To address these challenges, a novel, universal intracardiac robotic system is proposed to improve precision, safety, and procedural efficiency. This system integrates a high-dexterity, load-capacity catheter instrument, a modular concentric robotic platform, and an augmented reality (AR) navigation interface. The catheter's design balances flexibility for navigating complex intracardiac paths with the rigidity needed for device deployment. The robotic platform's modular architecture enhances versatility, enabling control across various procedures and anatomical variations, while the AR system facilitates intuitive preoperative planning and real-time intraoperative guidance through multimodal image fusion.

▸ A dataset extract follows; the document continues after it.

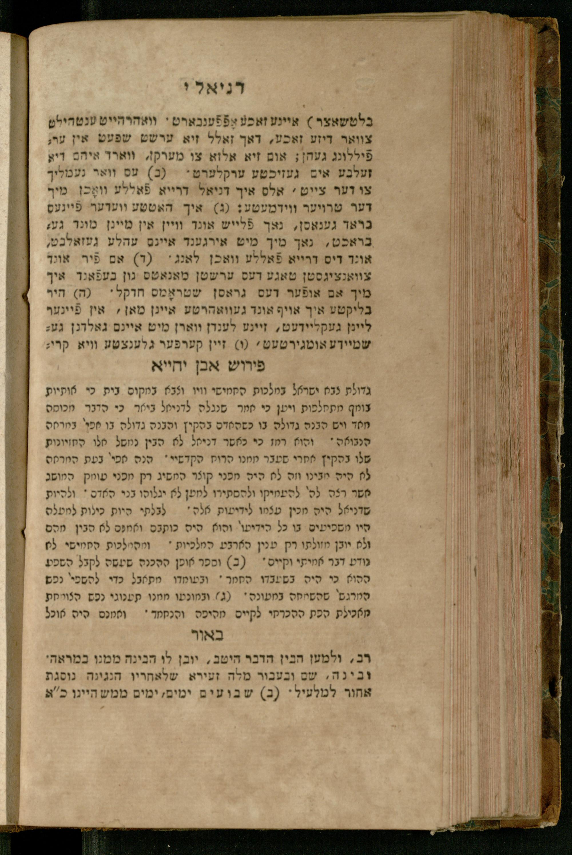 Sefer Daniʾel : meturgam bi-leshon Ashkenazi / me-et Ṿolf ben Yosef u-mevoʾar me-et Mosheh ben Uri Feivesh ṿe-nilṿeh elaṿ perush ha-Rav Ibn Yaḥyaספר דניאל : מתורגם בלשון אשכנזי / מאת וואלף בן יוסף ומבואר מאת משה בן אורי פייבש ונלוה אליו פירוש הרב אבן יחייא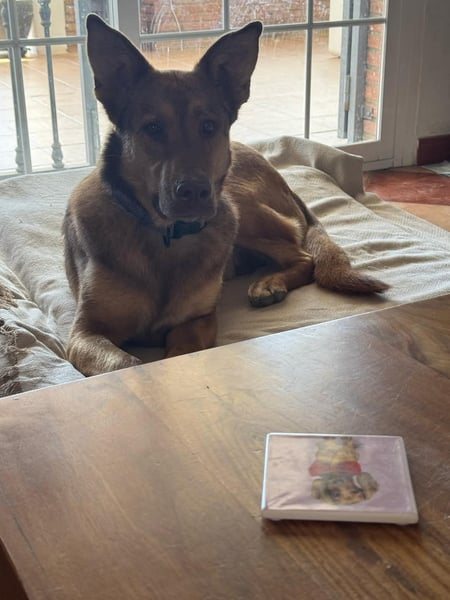 Freut sich, wenn er bei seinen Menschen sein darf. Er kennt Kinder und Katzen. Ist sehr sozial mit anderen Hunden und spielt gerne mit ihnen.

The core innovation lies in overcoming existing limitations: balancing catheter flexibility and load capacity, expanding robotic system adaptability for different valve procedures, and improving integration with imaging modalities like computed tomography, transesophageal echocardiogram, and fluoroscopy. The project aims to develop sophisticated models for instrument design, control strategies for multi-instrument coordination, and advanced navigation tools. These technological advancements are intended to elevate the clinical utility of robotic intracardiac interventions, making them safer, more efficient, and easier to adopt widely. By establishing a systematic approach for intelligent, multimodal, robotic-assisted valvular procedures, this work promises significant contributions to minimally invasive cardiology and holds substantial potential for clinical translation.

Eligibility

Inclusion Criteria:

• Age 18-90
• Severe symptomatic TR
• Deem high risk for tricuspid valve surgery determined by a multidisciplinary heart team (including cardiologists, cardiac surgeons and cardiac anesthetists) and
• Anatomically feasible for transjugular transcatheter tricuspid valve replacement using the Lux-valve plus system
• Able to consent

Exclusion Criteria:

• Prior TV repair or replacement that would interfere with Lux-valve plus implantation
• severe pulmonary hypertension (pulmonary artery systolic pressure \>70 mm Hg or \>2/3 systemic with pulmonary vascular resistance \>5 WU after vasodilator challenge)
• Pregnant or nursing patients and those who plan pregnancy during the study period. Female patients of childbearing potential must have a negative pregnancy
• Left Ventricular Ejection Fraction (LVEF) \<40% or;
• Evidence of intracardiac mass, thrombus or vegetation or;
• Anatomical structures precluding proper device deployment or device vascular access, evaluated by echo or CT or;
• Surgical correction is indicated for other concomitant valvular disease (e.g., severe aortic, mitral and/or pulmonic valve stenosis and/or regurgitation); Subjects with concomitant valvular disease may treat their respective valve first and wait 2 months before being reassessed for the trial.
• Sepsis or active endocarditis within 3 months, or infections requiring antibiotic therapy within 2 weeks prior to the planned procedure or;
• Active peptic ulcer or active gastrointestinal (GI) bleeding precluding anticoagulation or antiplatelet therapy or;
• Underwent any cardiac or non-cardiac interventional or surgical procedure within 30 days prior to the procedure or planned to have the interventional or surgical procedure within 60 days after implant procedure (e.g., cardioversion, ablation, percutaneous coronary intervention, etc);
• Recent (within 90 days prior to procedure) stroke, transient ischemic attack, or myocardial infarction;
• Life expectancy is less than 1 year;
• Current participation in another investigational drug or device study.